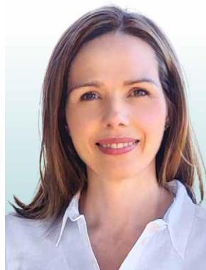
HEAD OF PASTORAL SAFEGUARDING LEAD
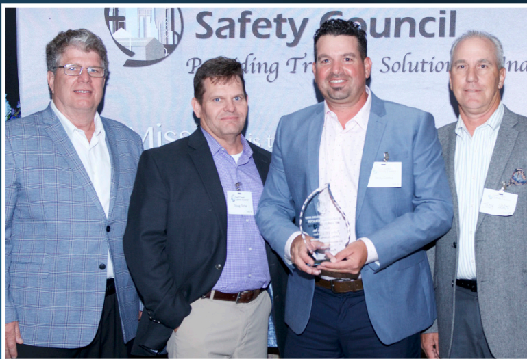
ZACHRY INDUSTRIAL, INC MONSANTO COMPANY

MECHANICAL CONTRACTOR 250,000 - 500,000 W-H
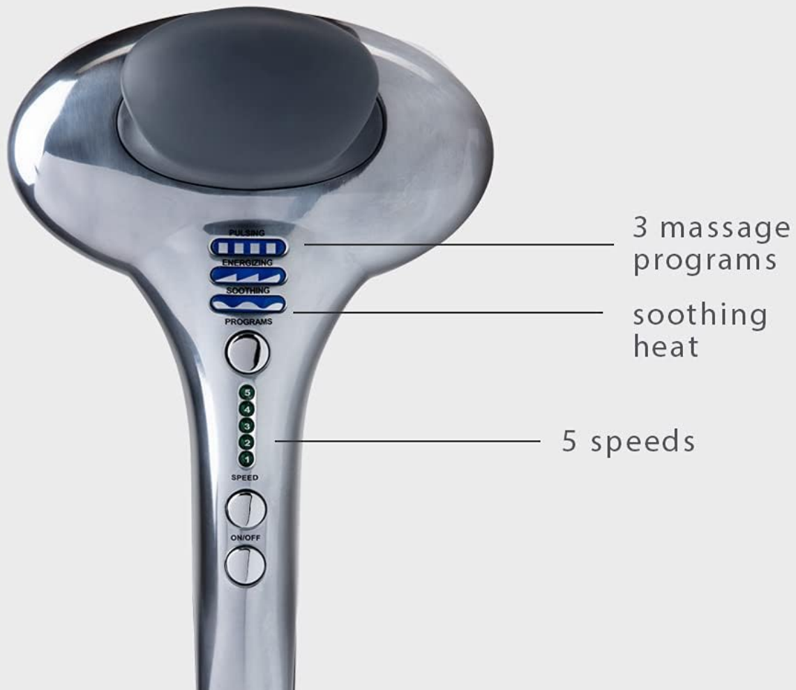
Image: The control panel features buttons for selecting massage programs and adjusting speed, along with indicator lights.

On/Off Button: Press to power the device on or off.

○ ○ ○ ○ ○

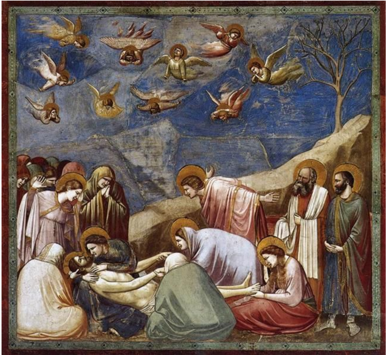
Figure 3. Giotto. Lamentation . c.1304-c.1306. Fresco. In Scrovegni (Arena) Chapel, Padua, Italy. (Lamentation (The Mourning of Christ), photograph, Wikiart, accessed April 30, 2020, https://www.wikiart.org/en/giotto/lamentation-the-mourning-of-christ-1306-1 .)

○ ○ ○ ○ ○

_Assigned task_
Without the pictures, give again exactly the lines above starting at the line containing "HEAD OF PASTORAL SAFEGUARDING LEAD" and ending at the line containing "On/Off Button: Press".

_Output of the exercise_
HEAD OF PASTORAL SAFEGUARDING LEAD
ZACHRY INDUSTRIAL, INC MONSANTO COMPANY

MECHANICAL CONTRACTOR 250,000 - 500,000 W-H
Image: The control panel features buttons for selecting massage programs and adjusting speed, along with indicator lights.

On/Off Button: Press to power the device on or off.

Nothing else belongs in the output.